The less ambitious route would start at Fountain & Western, run east to Fountain & Hyperion, follow Hyperion to Atwater Village, and end at Brand & San Fernando in Glendale. Since this would a totally new route, there’s no need to follow outdated stop spacing practices, and we can set stops at every quarter to half mile to improve speeds. A westward extension all the way to La Cienega would be nice, but that would depend on a contentious plan to build the missing block of Fountain. Maybe it would be more feasible if it were restricted to buses only?

Hollywood – Atwater Village route in Scribble Maps

A more ambitious route would follow the above from Fountain & Western to Hyperion & Rowena, and then follow Rowena, Glendale, Fletcher, Eagle Rock, and York to Highland Park. The Highland Park end of the route would be tricky, because of the need to provide a transfer to the Gold Line and the absence of an ideally located station for that purpose. Avenue 54 is a logical cutoff from York to Figueroa, but leaves you 4 blocks south of the Highland Park Gold Line station, while taking York right to Figueroa leaves you 3 blocks north. Taking York and Mission to the Gold Line station in South Pasadena would make the route useless for transfers between the Gold Line to the south and the new bus route to the west.
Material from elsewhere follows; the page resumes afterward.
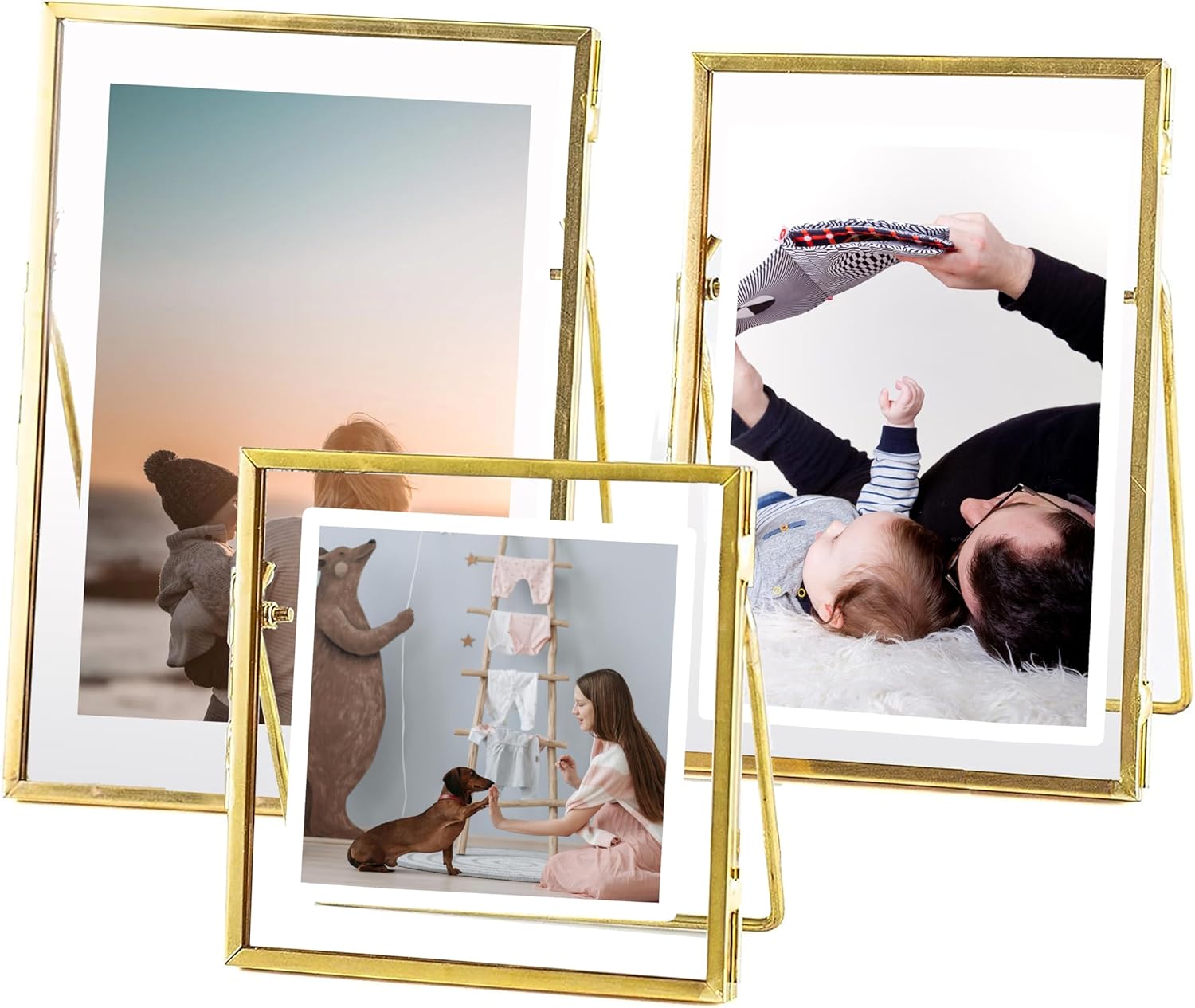 Gold Picture Frame - 4x6 Antique Brass Postcard Picture Frame for Desk - Small Pressed Glass Frame for Pressed Flowers - Floating Vertical (3 different sizes (4 * 4, 4 * 6, 5 * 7))

Hollywood – Highland Park route in Scribble Maps

Because of topography, the street grid in this area isn’t great for east-west movements. This results in a longer route with more turns than we’d like, but it’s probably about the best we can do. This route would provide an alternative this route would be competitive with taking the Gold Line to LA Union Station and transferring to the Red Line, and would serve intermediate destinations not served by rail transit or existing east-west bus. While it certainly wouldn’t be one of LA Metro’s top performing routes, it should connect strong enough destinations to generate decent ridership, and is worth taking a look at.